This involves yet another digression, but that is partly what these posts are for, so that the later, central posts can be more focused. To take one example of how the Project presents and attacks its targets (helpful when looking at the campaign against Abu el-Haj), Hugh Fitzgerald (20th May 2005a), who maintained a monotonously derisive and sarcastic tone throughout (allowing him to avoid making direct accusations), parsed Columbia University's Professor of Anthropology and Women's and Gender Studies Lila Abu-Lughod's argument:
Perhaps Western "progress" is not progress, and "modernity" is not modernity. And Western feminists should not be so hasty in denouncing the veil and the burka, because they act as a "portable seclusion," your very own zenana or haramlik, which you can bring with you anywhere.
(While Fitzgerald mocked Abu-Lughod's questioning of the presumption of the justice of Western society, as Annette Grossbongardt (20th September 2007) observed, '[i]n strictly secular Turkey, women wearing headscarves are not allowed to work as either judges or doctors. Nor are they allowed to work as civil servants -- or attend university'. France has somewhat similar laws against the display of conspicuous or overt religious symbols in schools and a ban on it in the public sector (BBC News, 31st August 2004) and neither state's position is progressive, however that loaded term is used.)

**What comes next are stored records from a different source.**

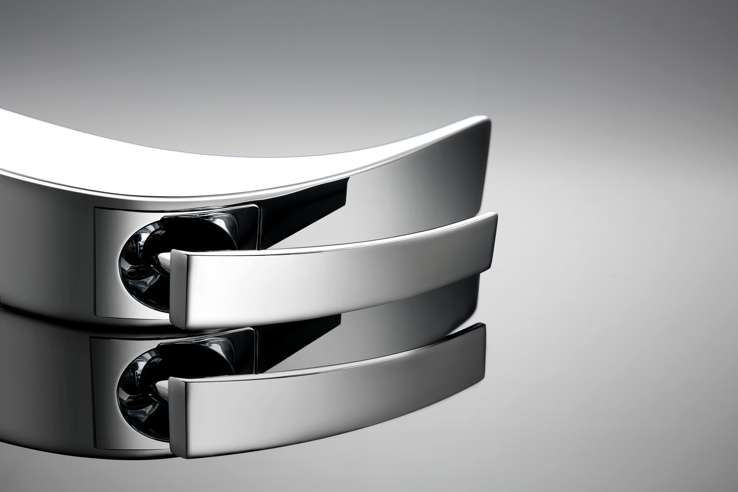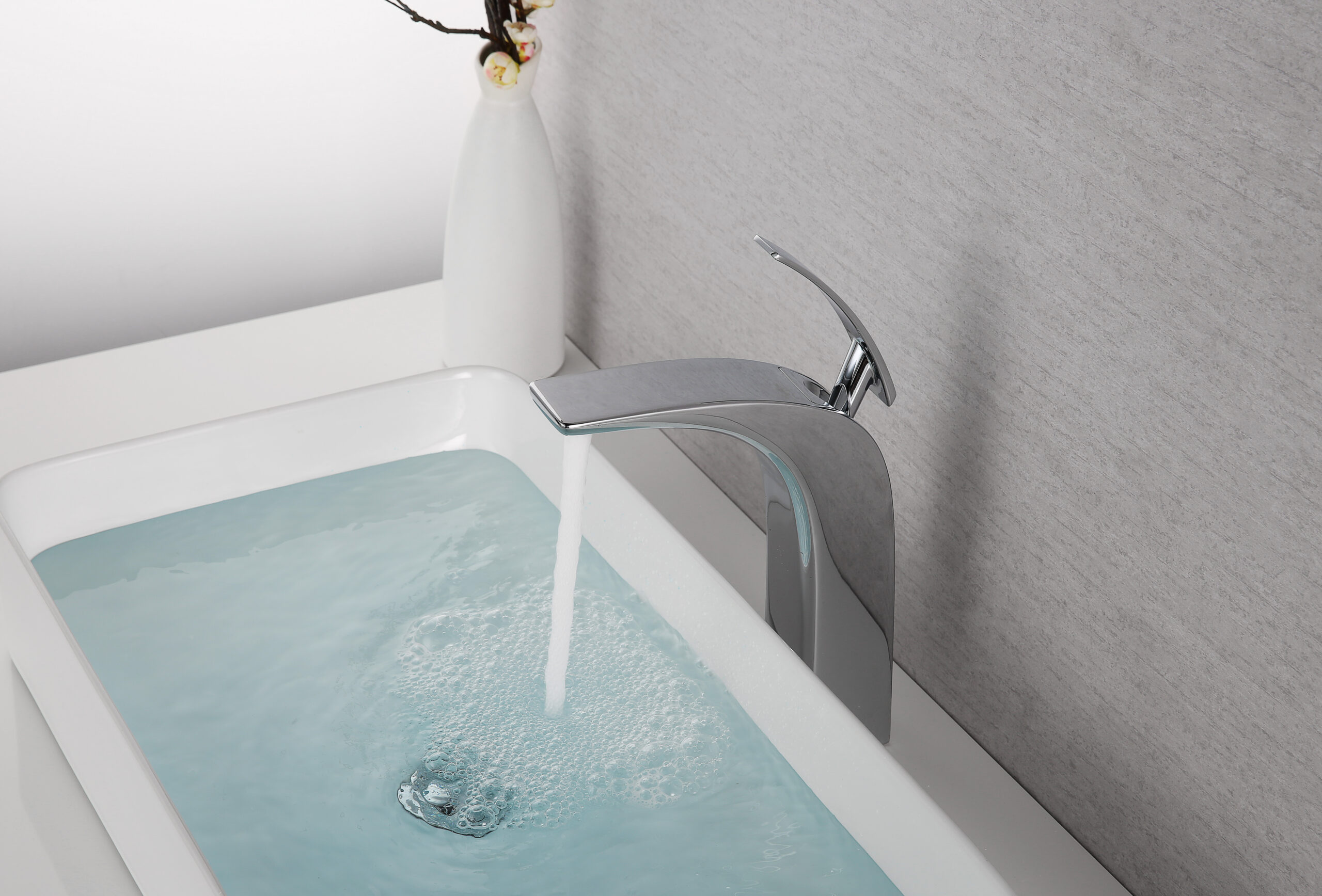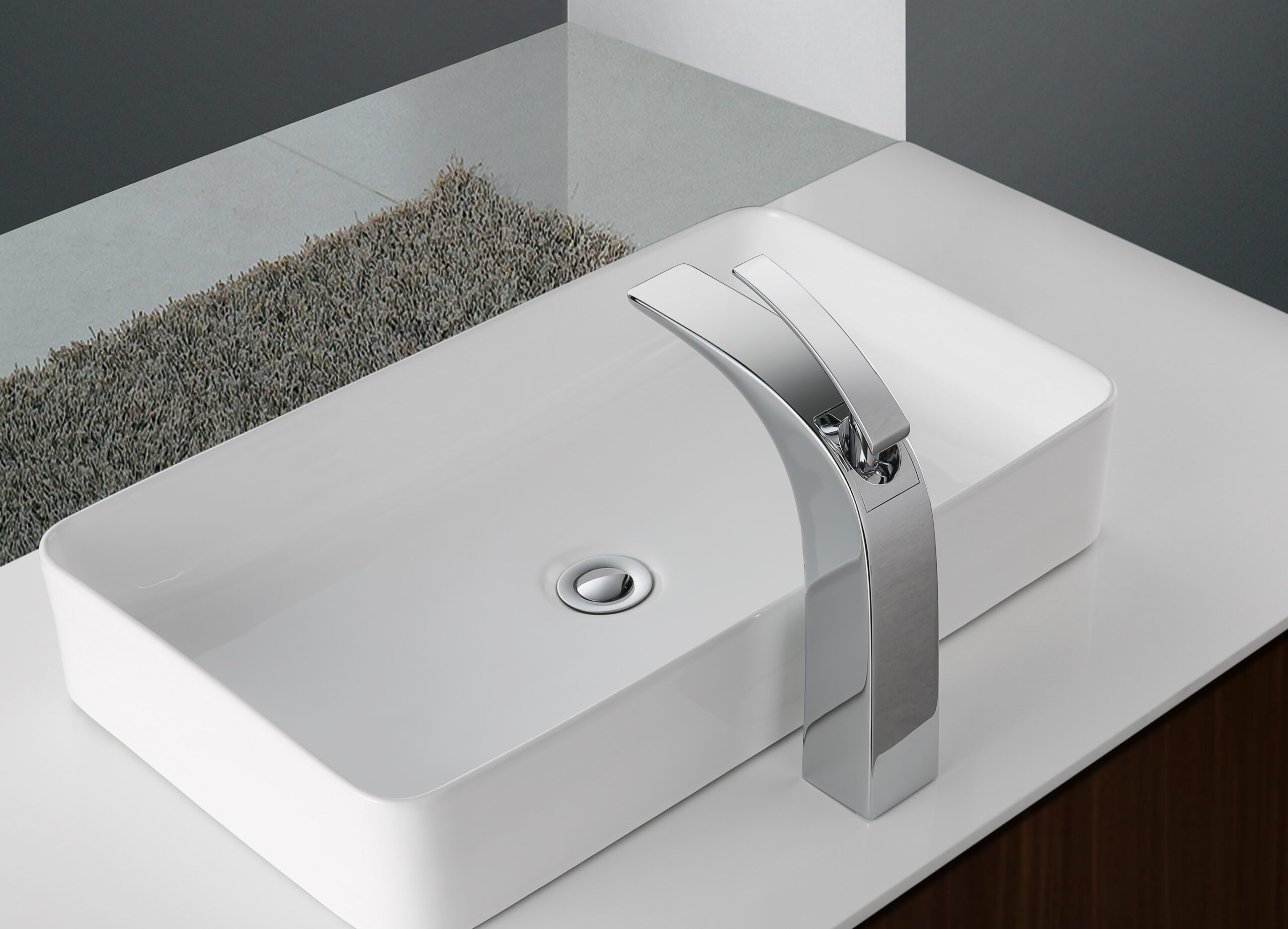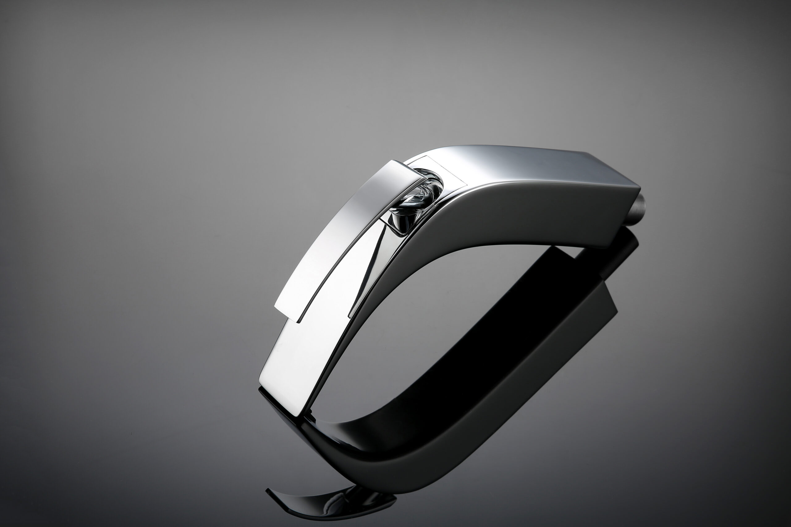This tall chrome basin faucet features a refined curved silhouette, designed for modern luxury bathrooms.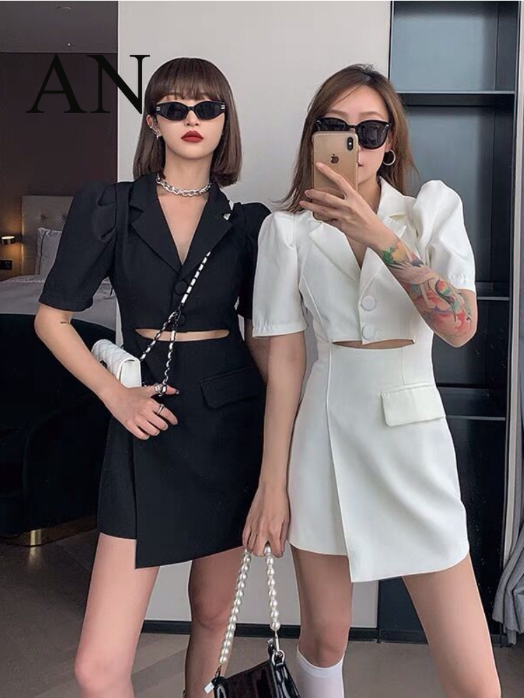 Suit SkirtSet Women Summer Bubble Short Sleeve Loose Temperament Suit Skirt Set Blazer and Skirt Set Skirt Set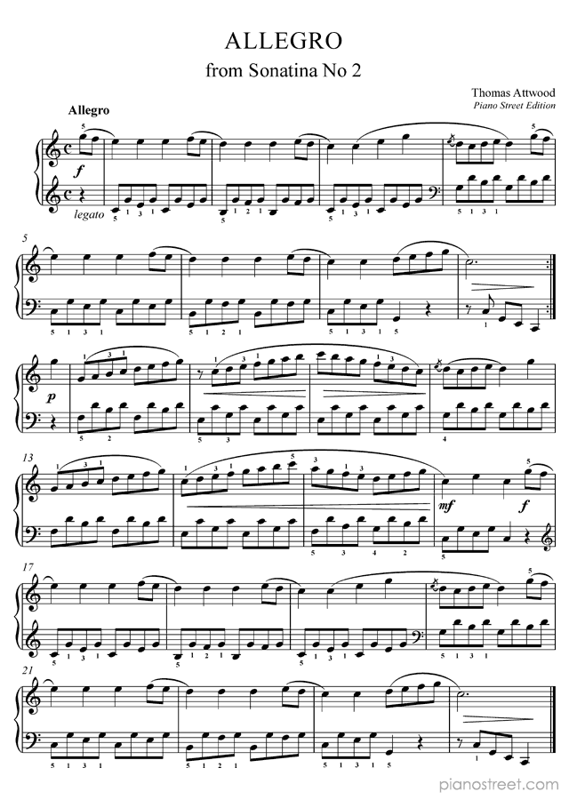 Piano sheet music downloads and recordings. This piece is by Thomas Attwood: Allegro (from Sonatina No. 2) in C Major (published in 1795) . Level 2, Period: Classical
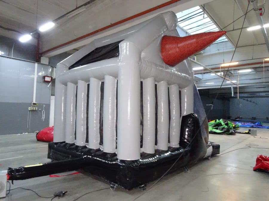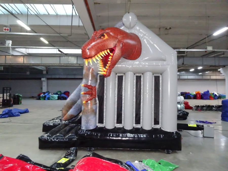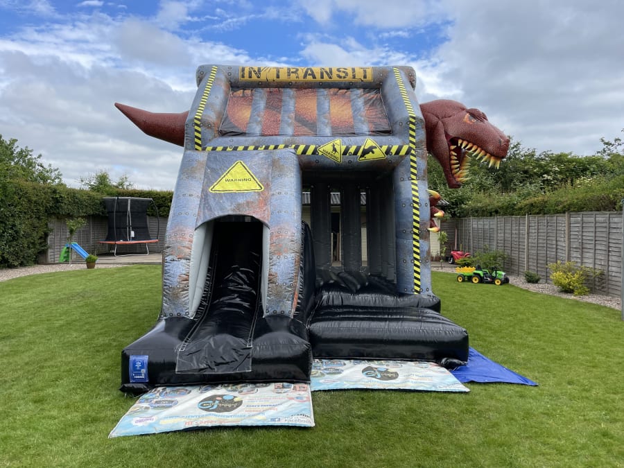 This unique 3D caged shaped bounce & slide is pretty roarsome and will thrill any dino fan. With so much to offer, including a large bouncy area, 5ft platform slide, a real dinosaur head and tail breaking out each side of the cage, what's not to like? Don't bounce and shake the cage too much, Rex might think you're a tasty snack!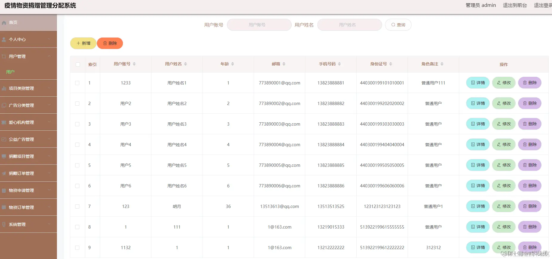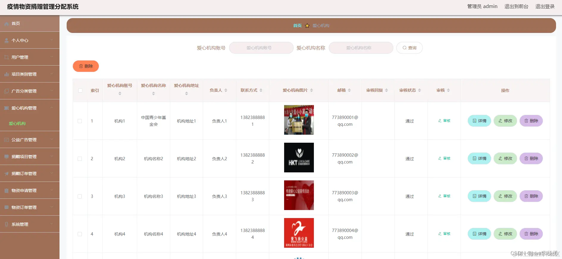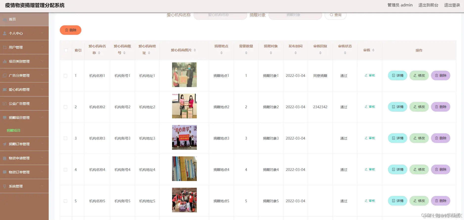 3、功能的完善性:可以管理首页、个人中心、用户管理、项目类别管理、广告分类管理、机构管理、广告信息管理、捐赠项目管理、物资信息管理,物资申请,审核,物资订单等,捐赠订单管理以及系统管理模块的修改和维护操作。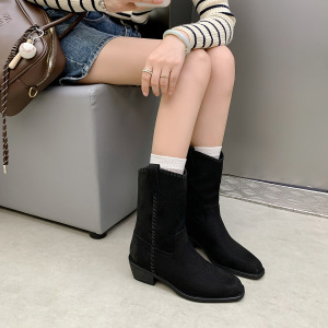 真皮西部牛仔靴子骑士靴女美拉德显瘦粗跟尖头短靴复古中筒马丁靴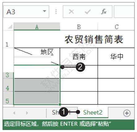 3、指定要粘贴到的单元格区域。❶切换至“Sheet2”工作表,❷选择单元格区域A3:A5,如图所示。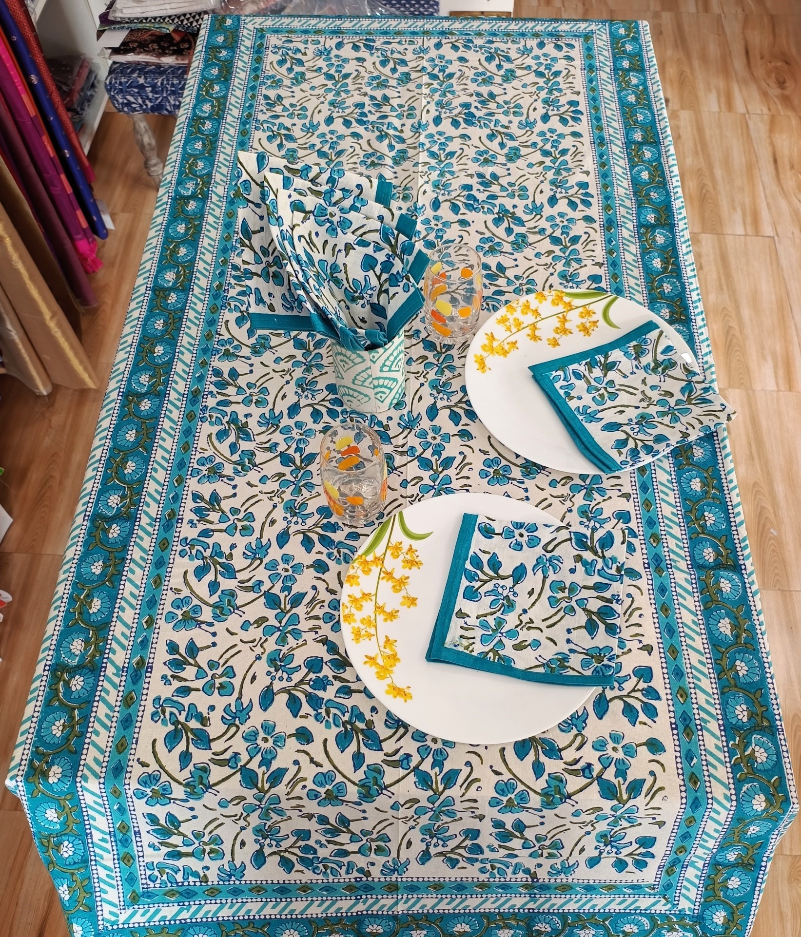 Handblock Print Cotton 6 Seater Rectangular Table Cover
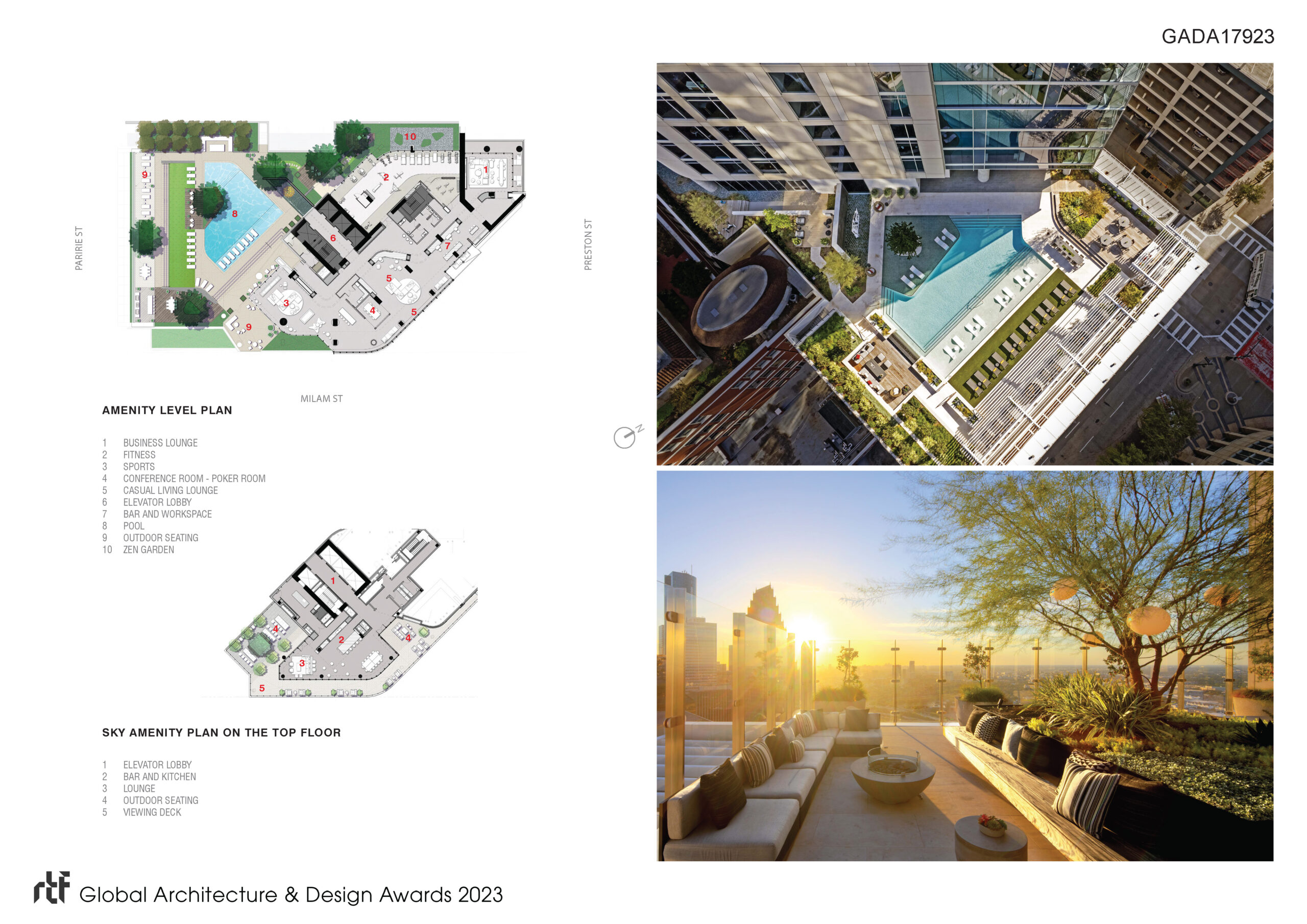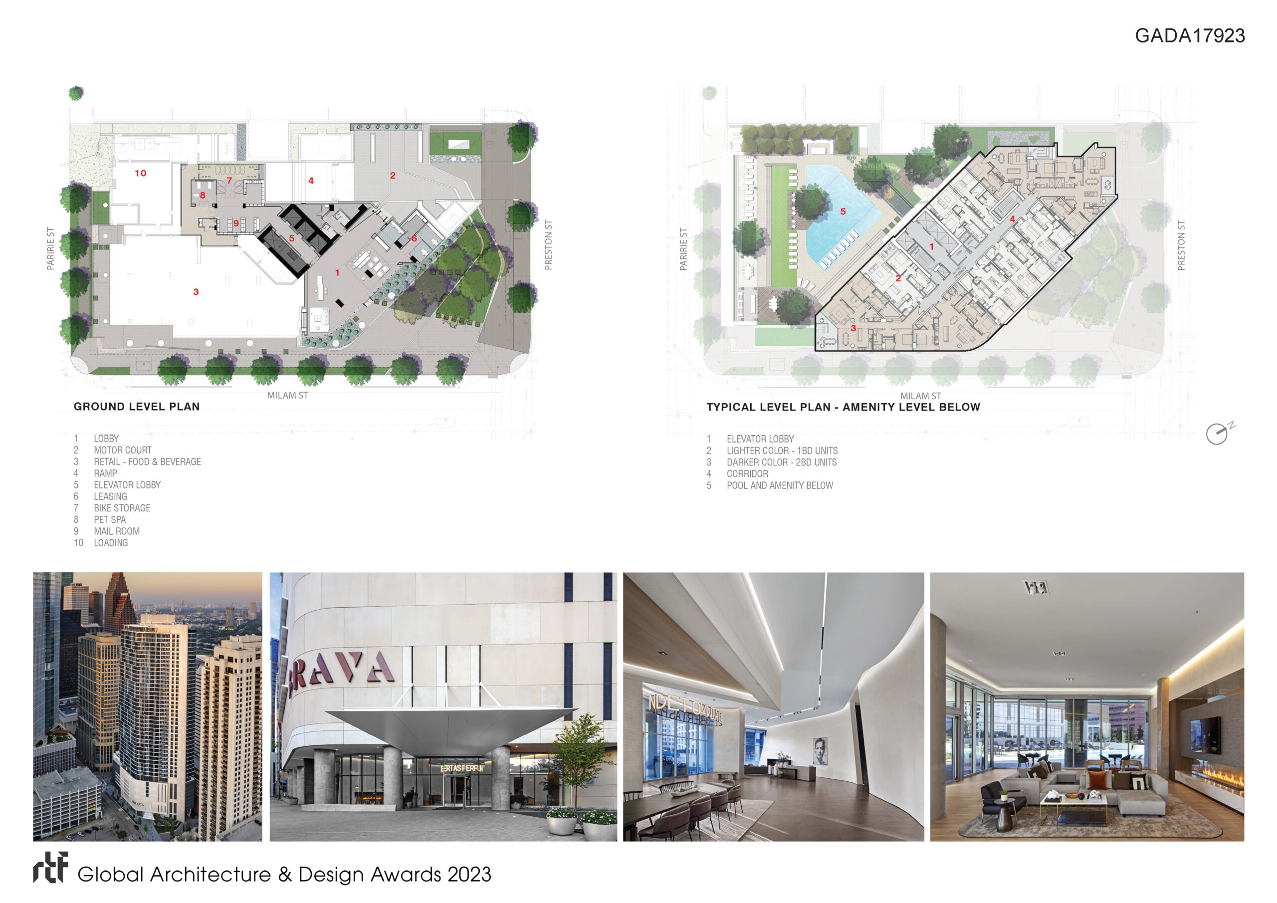The parking garage contains eight levels with a capacity for 517 cars. Level 10, on top of the parking podium, is dedicated to residential amenities including work areas, fitness, social areas, pool, and exterior decks.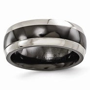 Black Titanium Domed with Cut Edges 7mm Wedding Band Ring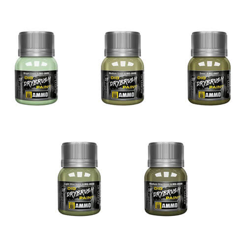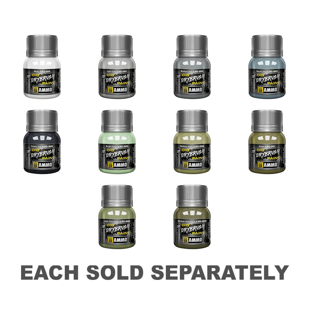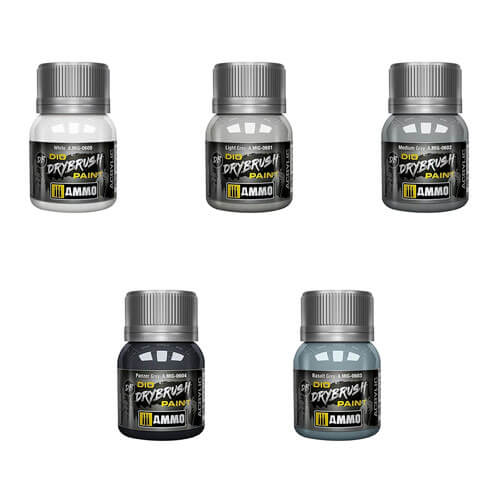Le munizioni hanno progettato una nuova formula di vernice specificamente per il brobosh a secco con la densità ideale e le caratteristiche specifiche che la rendono il miglior tipo di vernice per questa tecnica. Il nuovo pennello Dio Dry è la soluzione perfetta per tutti quei modellisti che amano questa tecnica iconica, probabilmente una delle tecniche di agenti atmosferici più semplici ed efficaci. Basta usare un pennello di qualsiasi dimensione, caricarlo con vernice, asciugarlo al tatto sfregandolo su un pezzo di tovagliolo di carta o un panno per rimuovere l'eccesso, quindi applicarlo strofinando delicatamente sui dettagli del modello per creare una consistenza liscia e uniforme.
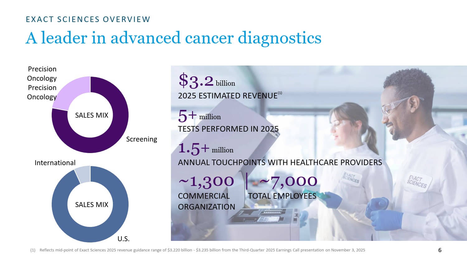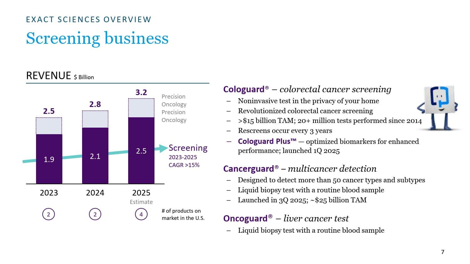 EXACT SCIENCES OVERVIEW 6 A leader in advanced cancer diagnostics Screening Precision Oncology Precision Oncology SALES MIX U.S. International SALES MIX 5 + million TESTS PERFORMED IN 2025 ~1,300 | ~7,000 COMMERCIAL TOTAL EMPLOYEES ORGANIZATION 1.5 + million ANNUAL TOUCHPOINTS WITH HEALTHCARE PROVIDERS $3.2 billion 2025 ESTIMATED REVENUE (1) (1) Reflects mid - point of Exact Sciences 2025 revenue guidance range of $3.220 billion - $3.235 billion from the Third - Quarte r 2025 Earnings Call presentation on November 3, 2025

One of the points that Abu-Lughod (20th March 2002) made in an interview that Fitzgerald had read and referred to himself was that,
many of the women around the Muslim world who wear these different forms of cover describe this as a choice. We need to take their views seriously, even if not at face value.
She did not chastise Western feminists for their condemnation of veiling, but rather cautioned that the opinions of those women so veiled should be considered.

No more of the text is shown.